Family dinner Rules 🍽️

During family dinners, Grandmother still remained in the shadow of Papaw’s entertaining ways; however, her food was center-stage.  She was a good cook in that hard-scrabble, Kentucky/Appalachian way–a woman who had been poor during her childhood and continuing through the Great Depression. Therefore, her cooking methodology was a mix of traditional Appalachian-style foods and popular recipes of the time, made in the most cost effective way. (I could probably write a book on her cooking alone.)
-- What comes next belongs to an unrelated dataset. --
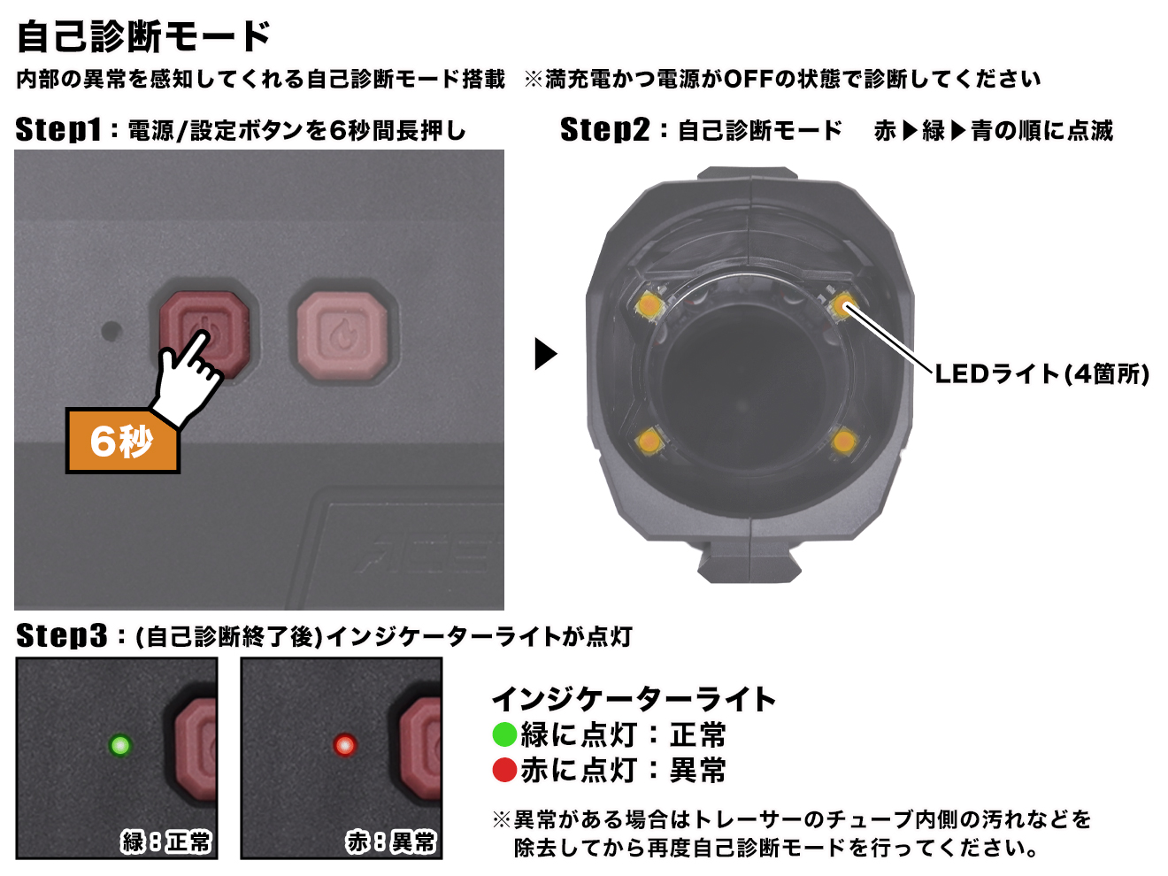 電源オフ時に設定ボタンを6秒長押しすることで自己診断モードを起動できます。センサー周辺のゴミや汚れの付着を検知でき、無駄打ちすることなく正常動作するか確認ができます。

Therefore, John would tease her mercilessly about her cooking.  One moment he would tell her how much he loved something, and then next he’d quip, “Now, Helen, I am not sure who makes the better  __________, you or _________, (He’d usually insert his mother’s or my other grandmother’s names.) so I’d better have some more of that if you don’t mind.  It will help me decide who the better cook is.”

Oh, how she basked in that kind of banter.  “Now, John . . . ,” she’d say as her face reddened.  Then, she’d smile, realize there was food in her teeth, and cover her smile with a napkin.  She’d wave her hand as if batting his comment away, but she’d ensure he–and everyone else gathered around the table–got more food. 

Clean up and Dish up 👂

After special dinners, Papaw, who usually did help clean up the kitchen, was given “permission,” especially during football season, to go ahead and sit down, with any other men that were present, to “watch” football and/or read the Sunday paper.  I put quotes around “watch” because after eating, Papaw would typically doze off part way through the game.  Nonetheless, 20 or so minutes later, he’d perk back up, and command the rapt attention of those that remained in the room with him.

Meanwhile, the women would clean up the kitchen, often making more coffee. The conversations were rich as the coffee and somewhat “dishy” about this person or that.  Once I was old enough, I would hang out in the kitchen, offering to “help,” but mostly hovering between the TV room and the kitchen, so I could hear the tales from both rooms.  

There was an intimacy in Grandmother and Papaw’s kitchen area that was warm and inviting. During winter months, their single-paned windows would thickly frost, and as a child, I felt sheltered and safe in an often chaotic world in that room.  Later, when I lived with them for two years as a young adult, I came to realize that even when it was just the two of them, that presence of peace could still be felt in their kitchen.

During those early adult years when I lived with them, they graciously shared their kitchen with me, so I could explore my own cooking interests. Grandmother especially loved it when I cooked with a wok or made homemade pizza, so she could eat something different than her traditional fare.  Papaw would just walk out of the kitchen and mutter under his breath about my “concoctions” while Grandmother sat at the kitchen table asking me questions about the recipe as I worked.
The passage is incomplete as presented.